Меньше чем через час Дилбесте собрала пожитки в узлы и, не дожидаясь прихода Кючука Мустафы, покинула оскверненное семейное гнездо. А сплетня молниеносно настигла ее мужа на площади, он помчался домой и, не успев отдышаться после подъема, набросился с кулаками на старшего брата, в щепки разбил саз, вопил и метался, хватался за нож, грозя зарезать то Хасана, то Дилбесте, но братья и отец, навалившись, отобрали нож, раздобыли виноградной водки, настоянной на особых травах, и к рассвету Мустафа обмяк и повалился в тяжелый пьяный сон.

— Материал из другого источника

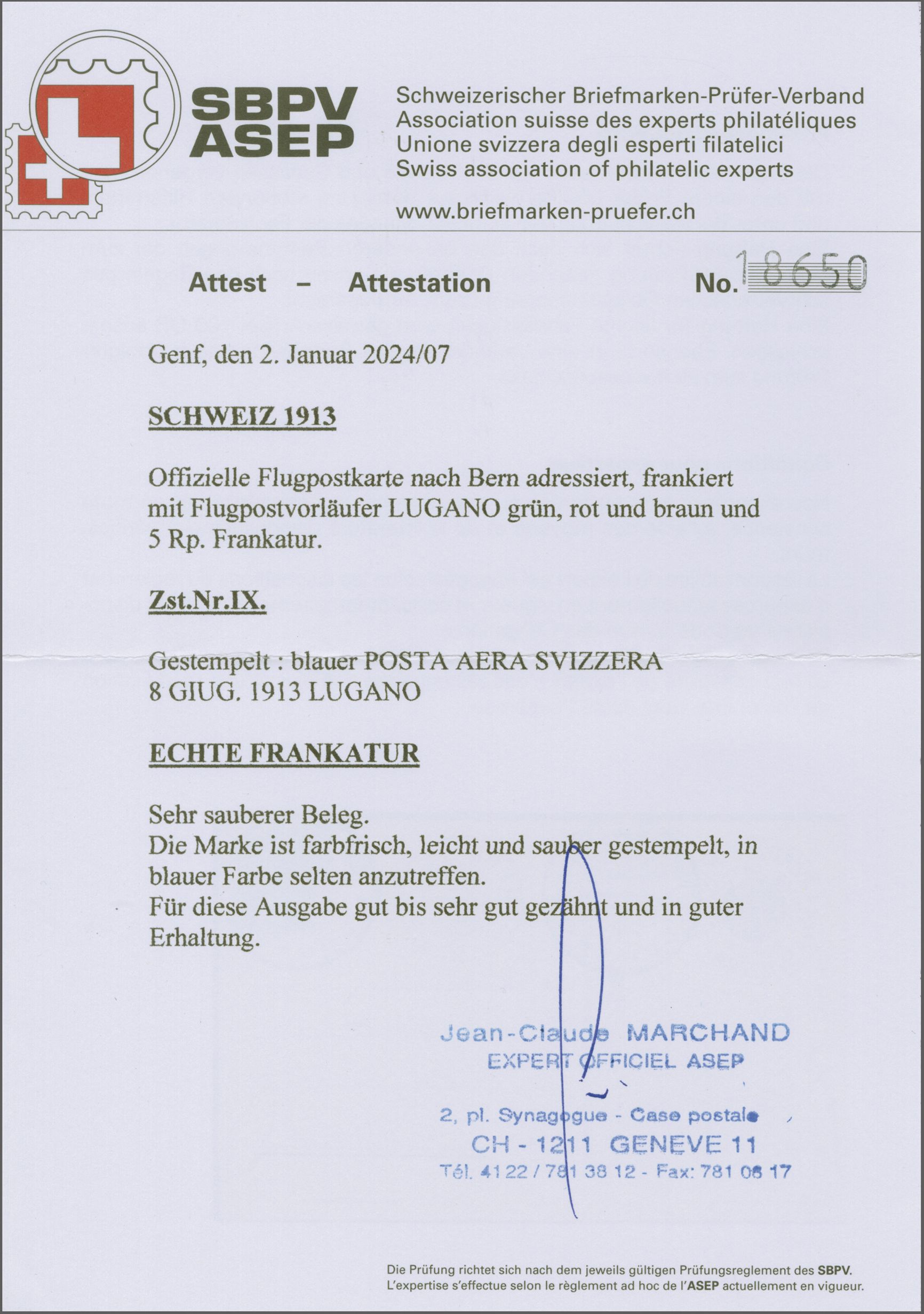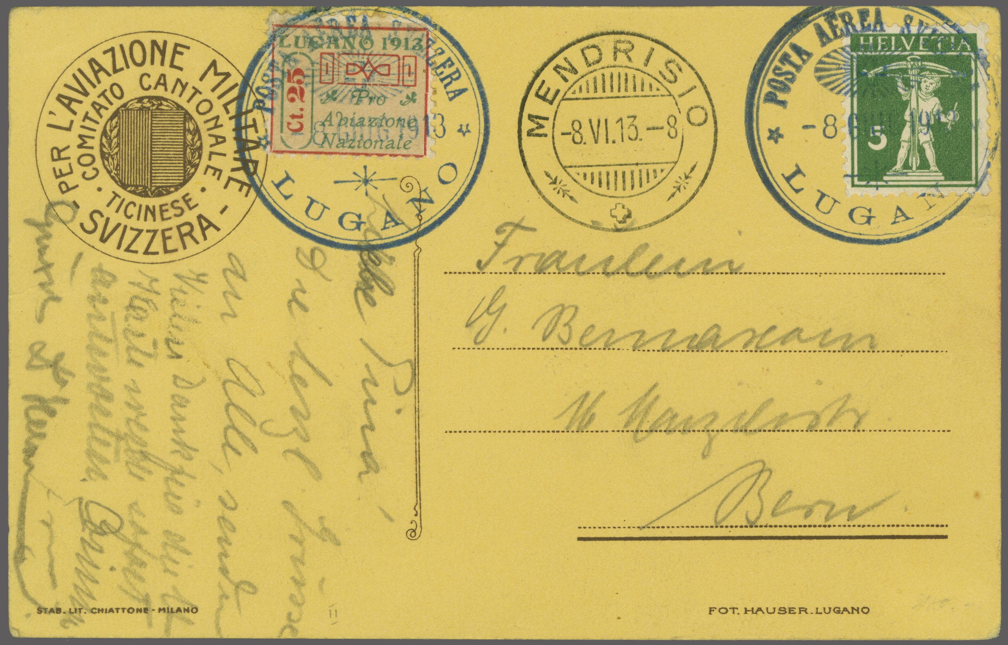 "POSTA AEREA SVIZZERA 8 GIUG. 1913 LUGANO", daneben klar "MENDRISIO -8.VI.13-8". Ein prächtiges Stück! Attest Marchand (2024). SLH= CHF = 5'000 (Image

Утром лучи осеннего солнца заиграли на стенах казавшейся пустой без Дилбесте комнаты и на щеках Мустафы, тихонько постанывающего, кутающегося в простыни и не желающего вставать. Таким он был — как порох вспыхивал в первом приступе гнева и сам не знал, что мог натворить, но если в такие минуты кому-то удавалось набросить на него узду, слепая ярость его укрощалась, он обмякал, как тряпка, и тогда из него можно было веревки вить. Как там ни суди и ни ряди, а вернуться к прежнему значило опозориться еще больше, Кючук Мустафа должен был расстаться с Дилбесте, как того требовали закон и вера, поэтому после полудня они с отцом отправились к кади.